A Matter of Courtesy

A Matter of Courtesy

There are probably – in these days, now that slavery is mainly a thing of the past – only one group of people to whom a man or woman can be as rude as they like. These are one’s intimate relatives.

A boss who calls his secretary a slut will have to find another secretary; but a man who calls his wife by that name is unlikely to have an immediate separation on his hands. A woman who calls her grocer a cheat will not be served again in that store; but if she does it to her husband, the odds are that the worst she will have to put up with will be a three-days’ silence.

Courtesy is a delicate Christian virtue closely allied to charity. If it does not begin in the home, it is unlikely to be practised wholeheartedly in public life. I have heard it said that our young people are growing up with loutishly and unwomanly habits of discourtesy. Not all of them; but some of them at least. I suggest that the responsibility does not lie primarily with them. If parents, despite temptations to a contrary habit, were in fact heroically courteous to their children, it is my opinion that the thing might catch on.

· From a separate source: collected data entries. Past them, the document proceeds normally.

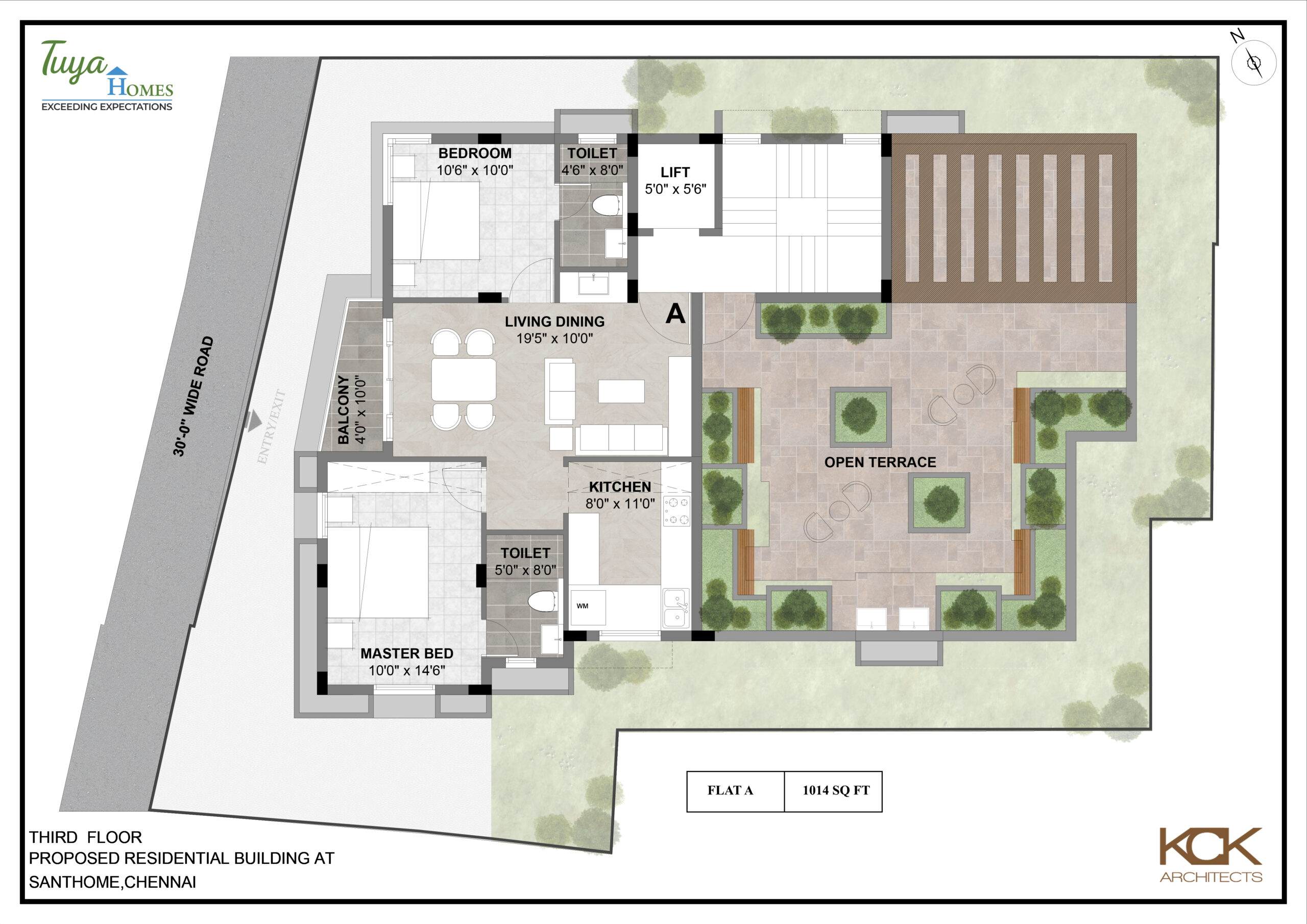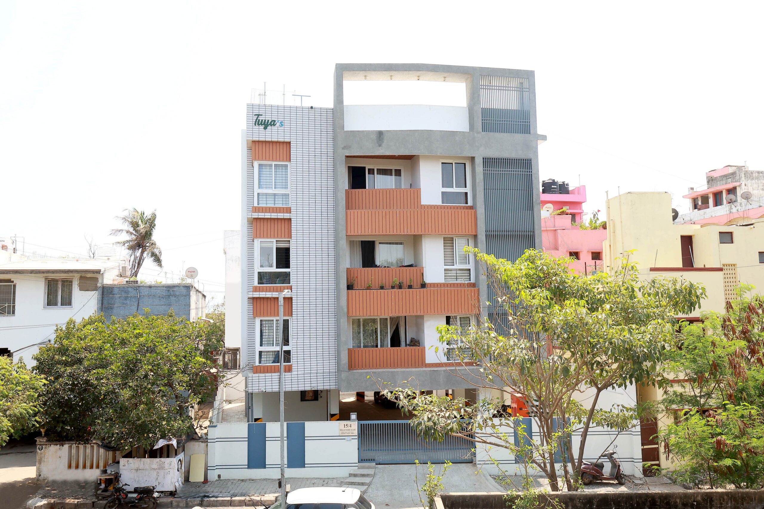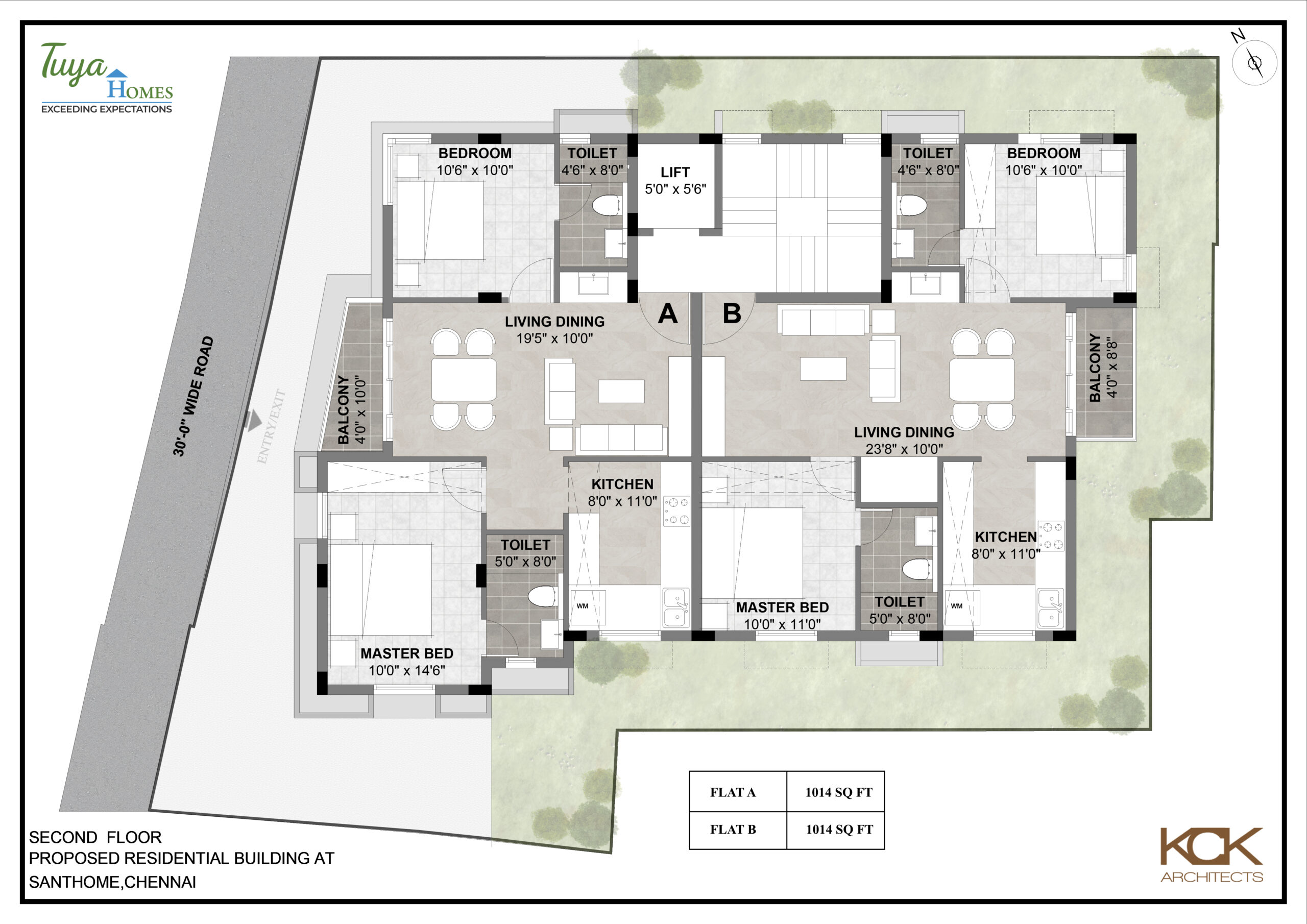 The proposed building is a Stilt (Car Park) + 3 Floors (3rd floor only part) consisting of 5 flats, each 2 BHK measuring 1014 sq. ft. and designed by Architect, Kaviya Kumar.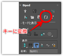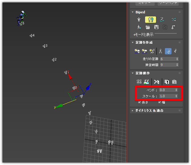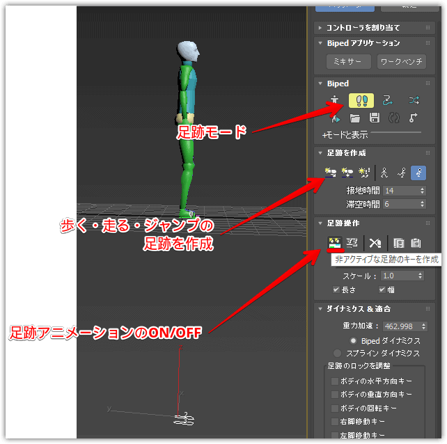 - Bipedを選択して、モーションパネルを開き、足跡アイコンを押して、足跡モードに
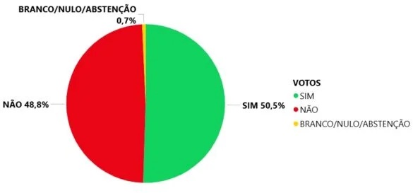 O resultado final apontou 50,5% de votos a favor da proposta, 48,8% contrários e 0,7% de abstenções.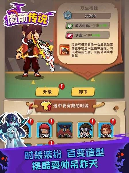 2、通关游戏关卡可以收获更多强力的弓箭和技能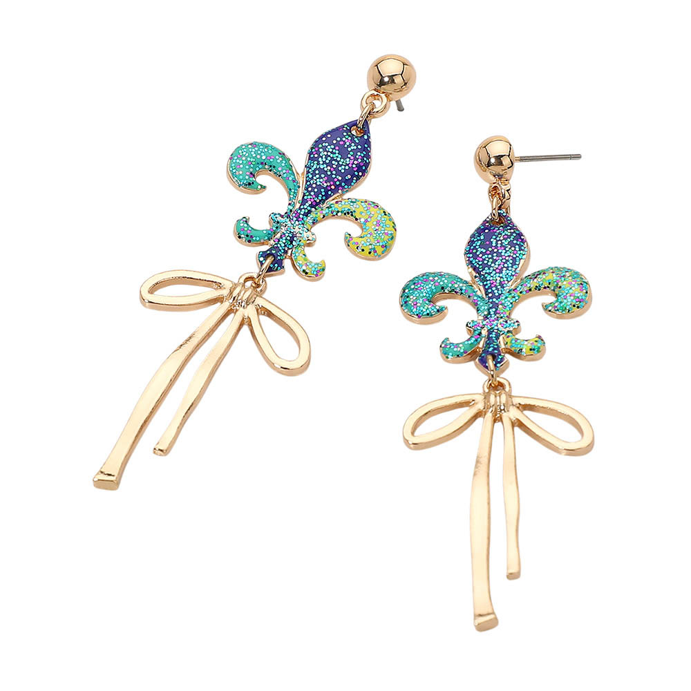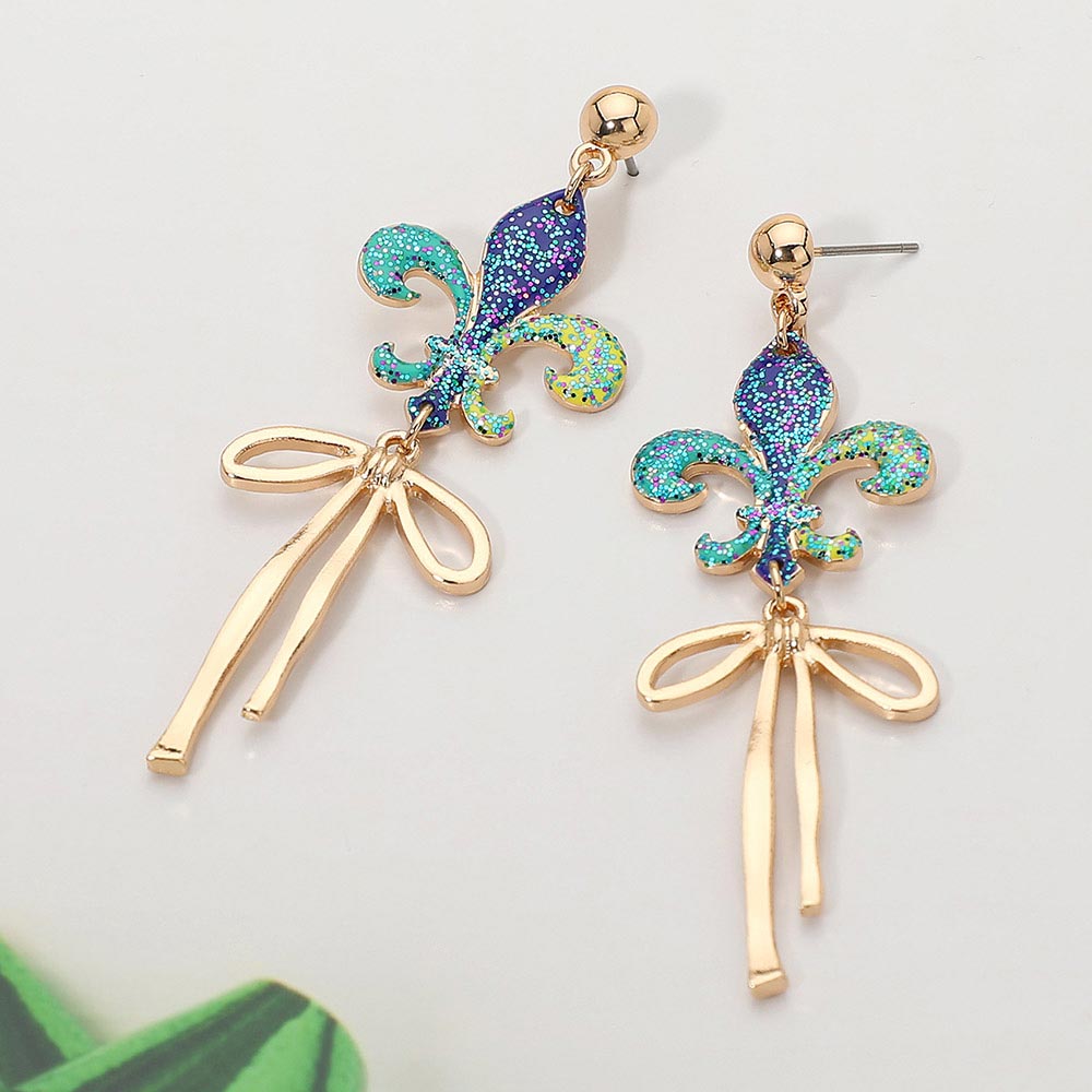 Details • Size : 0.8" X 2.75" • Post Back • Eye-catching fleur-de-lis drop earrings accented with flowing ribbon-style dangles for graceful movement and bold impact. A striking accessory ideal for festive events, themed outfits, parties, parades, and statement styling that adds elegant charm and standout appeal to any jewelry display. • Lead and Nickel Compliant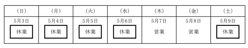 休業期間:2026年5月2日(土) ~5月6日(水)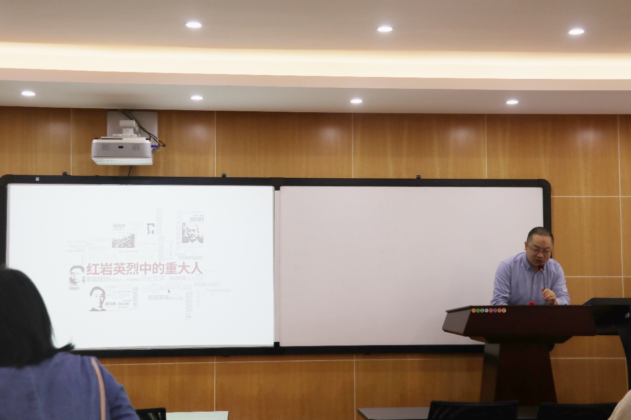 刘雯以“红岩英烈中的重大人”为主题为同志们作了精彩讲解,介绍了周均时、张现华、何柏梁、薛传道等多位重大先贤投身革命、壮烈牺牲的英勇事迹,展现了重大先贤们为国家、民族的命运鼓与呼,为着革命真理奋斗一生的崇高精神品格。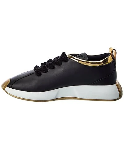 - Omnia Leather Sneaker in black and gold leather with chenille laces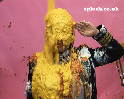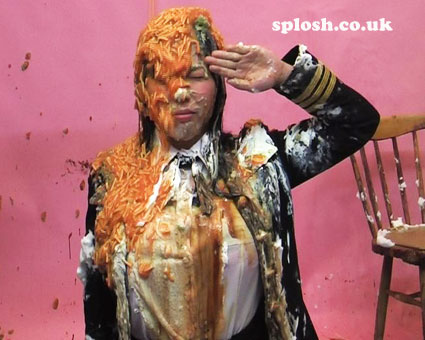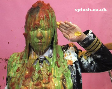 Dressed in a genuine US Navy uniform, blouse and tie, the real life submissive is completely deluged with water, eggs, beans, pies, ketchup, salad cream, custard, brown sauce, spaghetti, thick yellow gunge, thick green gunge, cream and chopped tomatoes - not to mention having mushy peas literally slapped in her face!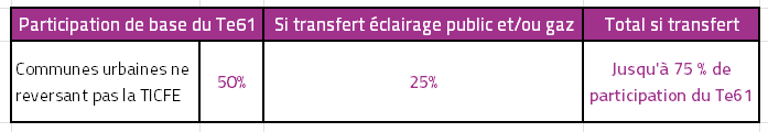Le Te61 participe à hauteur de 50 % sur les effacements pour les communes urbaines qui ne reversent pas la TICFE. Le montant de cette participation peut être bonifié si la collectivité répond au critères par le syndicat.

I am sitting in a room with my good friend Mrs Grouch, balancing a cup of tea in one hand and a wedge of sponge cake in the other. Mrs Grouch makes an excellent sponge cake. We are holding a rather one-sided discussion about the faults of modern youth.

‘You can say what you like,’ exclaims Mrs Grouch – I have in fact said nothing in the past twenty minutes – ‘but they’re becoming quite impossible. Take my daughter Anne. She’s seventeen. She’s just started at university. And she dresses like a hobo. And rudeness! You wouldn’t believe how rude she is – oh, is that you, Anne? I was just saying – ’.

‘I heard you, Mother.’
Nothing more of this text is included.